Optimisme mitigé en France
Malgré sa très mauvaise performance électorale au second tour des législatives hier le 19 juin, le prince Emmanuel Macron pourra continuer à dépenser ses centaines de milliards d’euros pour ses sous-marins et autres entrepôts de bombes nucléaires, grâce au soutien inconditionnel de 75 députés républicains et du Rassemblement National de Marine Le Pen : très inquiétante, sa performance à 90 députés élus, alors qu’en 2017 elle n’en avait que 8. Il faut dire que l’absence au 2e tour de la campagne raciste d’Éric Zemmour semble lui avoir enlevé l’étiquette d’extrême-droite héritée de son père antisémite, avant qu’elle l’écarte de toute fonction au sein du parti qu’il avait fondé. Et les jeunes qu’on a dégoûtés de la politique (70% d’abstention pour les moins de 34 ans, si j’ai bien entendu à TV5) se réveilleront peut-être, à entendre les débats animés démocratiques que ne manquera pas de susciter la nouvelle Assemblée Nationale.Où est l’optimisme, demandera-t-on ? Comme sachant à l’avance qu’il serait privé de sa majorité, Macron a fait quelques nominations audacieuses comme Pap NDiaye, le frère de la romancière Marie prix Goncourt 2009, salué de belle façon par Najat Vallaud-Belkacem au Ministère de l’Éducation nationale avant lui sous Hollande, et comme la musicienne Franco-Libanaise Rima Abdul-Malak à la Culture.

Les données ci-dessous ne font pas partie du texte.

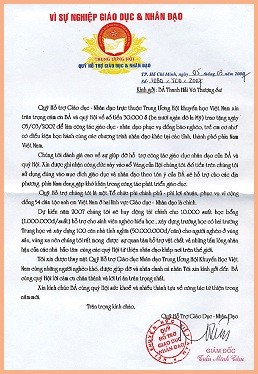 Le siège social central du fonds d'aide à l'éducation et d'action humanitaire de l'Association centrale du Vietnam pour la promotion du développement éducatif Vous remercie respectueusement, ainsi que Votre Association, pour le cadeau de 30 000 $US offert le 5 mars 2007. Cela nous permettra de servir les moins nantis de façon à ce que les jeunes enfants aient la possibilité d'étudier, et de mener nos autres programmes humanitaires dans les provinces et les villes du Sud-Vietnam. Nous apprécions grandement Votre aide et Votre soutien, et celui de Votre Association pour Votre assistance dans ces efforts humanitaires et éducatifs. Nous avons enregistré Votre contribution généreuse dans notre livre d'or. Nous utiliserons cet argent dans le but de mener des actions éducatives et humanitaires, selon Votre désir, notamment dans les régions Sud où des problèmes de développement de l'éducation se posent. Notre association est une organisation non gouvernementale à but non lucratif, qui sert 54 communautés ethniques différentes de frères et sœurs vietnamiens à travers nos deux domaines d'action que sont l'éducation et l'aide humanitaire. Notre plan pour l'année 2007 est de lever des fonds pour offrir 10 000 bourses aux étudiants exceptionnels désavantagés financièrement (1 million de dongs vietnamiens par étudiant), de construire des écoles dont deux écoles secondaires, et de construire 100 « maisons de reconnaissance » pour les pauvres dans les régions isolées. Par conséquent, nous apprécions particulièrement l'attention, l'appui, les matériaux et le souci des bienfaiteurs charitables et d'autres associations du monde entier. Je voudrais Vous transmettre nos sincères remerciements et notre gratitude la plus profonde de la part du siège social central du fonds d'aide à l'éducation et d'action humanitaire de l'Association centrale du Vietnam pour la promotion du développement éducatif. Nous souhaitons, à Vous et à Votre Association, une bonne santé et beaucoup de succès dans vos œuvres caritatives durant l'année à venir. Respectueuses salutations,

Son application méthodique des préceptes néolibéraux sera sans doute entravée par l’avancée prometteuse de la NUPES (Nouvelle Union Populaire Écologique et Sociale), fondée il y moins d’un mois par le dynamique Mélenchon. Il a fait élire autour de 150 députés (17 pour la France insoumise en 2017 !), parmi lesquels des jeunes femmes trop brillantes pour ne pas irriter les vieux cons, telles Sandrine Rousseau, Clémentines Autain et Guetté ! Elles ont réussi, malgré une campagne hargneuse menée par tous les médias les traitant d’extrême-gauche, même l’OBS réputé de gauche, mais dont le dernier numéro fait étalage répugnant de crimes attribués à Poutine pour lesquels il n’y a, selon le magazine commandité par les voitures et la mode de luxe, qu’une solution : appuyer les Américains et l’OTAN en déversant des armes aux Ukrainiens qui se feront complaisamment tuer pour que le monde libre continue à consommer en paix (explications dans la suite de notre article).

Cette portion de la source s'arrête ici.